Task details → Below are entries; repeat exactly, and nothing else, the lines from the one holding "VEROMODA2023夏季新款浅蓝色高腰牛仔微喇裤" through the one holding "夕食時は、羽山さんの独舌がさ", inclusive. Leave the pictures out.

Information given →
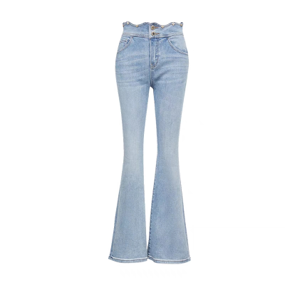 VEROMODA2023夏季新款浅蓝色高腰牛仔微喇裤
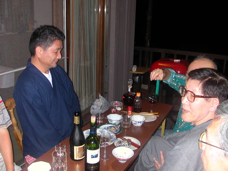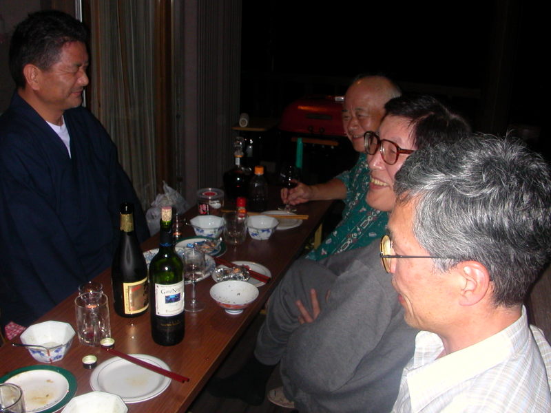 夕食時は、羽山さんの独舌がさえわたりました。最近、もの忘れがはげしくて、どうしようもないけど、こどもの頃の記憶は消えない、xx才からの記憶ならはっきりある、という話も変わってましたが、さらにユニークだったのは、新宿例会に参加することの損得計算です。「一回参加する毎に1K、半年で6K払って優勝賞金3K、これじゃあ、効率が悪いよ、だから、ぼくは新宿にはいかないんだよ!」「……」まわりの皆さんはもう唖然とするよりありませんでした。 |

...

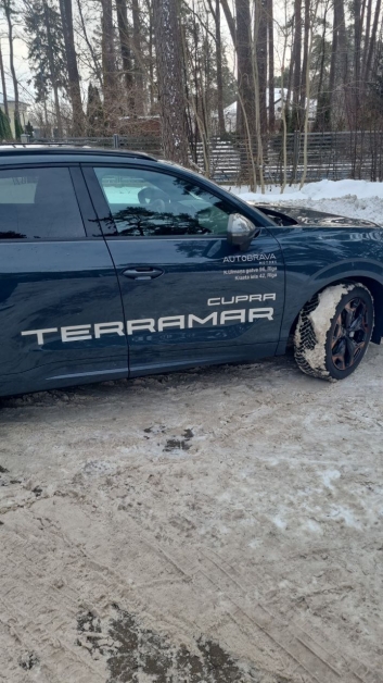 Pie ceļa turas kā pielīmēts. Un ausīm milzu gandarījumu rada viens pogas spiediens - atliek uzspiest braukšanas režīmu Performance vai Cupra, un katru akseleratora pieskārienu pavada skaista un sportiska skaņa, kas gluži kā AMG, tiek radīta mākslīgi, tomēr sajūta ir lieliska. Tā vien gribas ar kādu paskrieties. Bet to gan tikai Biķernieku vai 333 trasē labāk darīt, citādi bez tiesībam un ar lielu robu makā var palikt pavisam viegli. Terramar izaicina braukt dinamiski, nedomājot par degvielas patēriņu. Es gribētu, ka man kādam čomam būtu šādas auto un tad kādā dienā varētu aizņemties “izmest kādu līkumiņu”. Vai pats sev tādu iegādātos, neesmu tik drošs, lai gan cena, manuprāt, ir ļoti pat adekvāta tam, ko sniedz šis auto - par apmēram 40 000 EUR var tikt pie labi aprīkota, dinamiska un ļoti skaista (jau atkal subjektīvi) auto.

Response to this task →
 VEROMODA2023夏季新款浅蓝色高腰牛仔微喇裤
 夕食時は、羽山さんの独舌がさえわたりました。最近、もの忘れがはげしくて、どうしようもないけど、こどもの頃の記憶は消えない、xx才からの記憶ならはっきりある、という話も変わってましたが、さらにユニークだったのは、新宿例会に参加することの損得計算です。「一回参加する毎に1K、半年で6K払って優勝賞金3K、これじゃあ、効率が悪いよ、だから、ぼくは新宿にはいかないんだよ!」「……」まわりの皆さんはもう唖然とするよりありませんでした。 |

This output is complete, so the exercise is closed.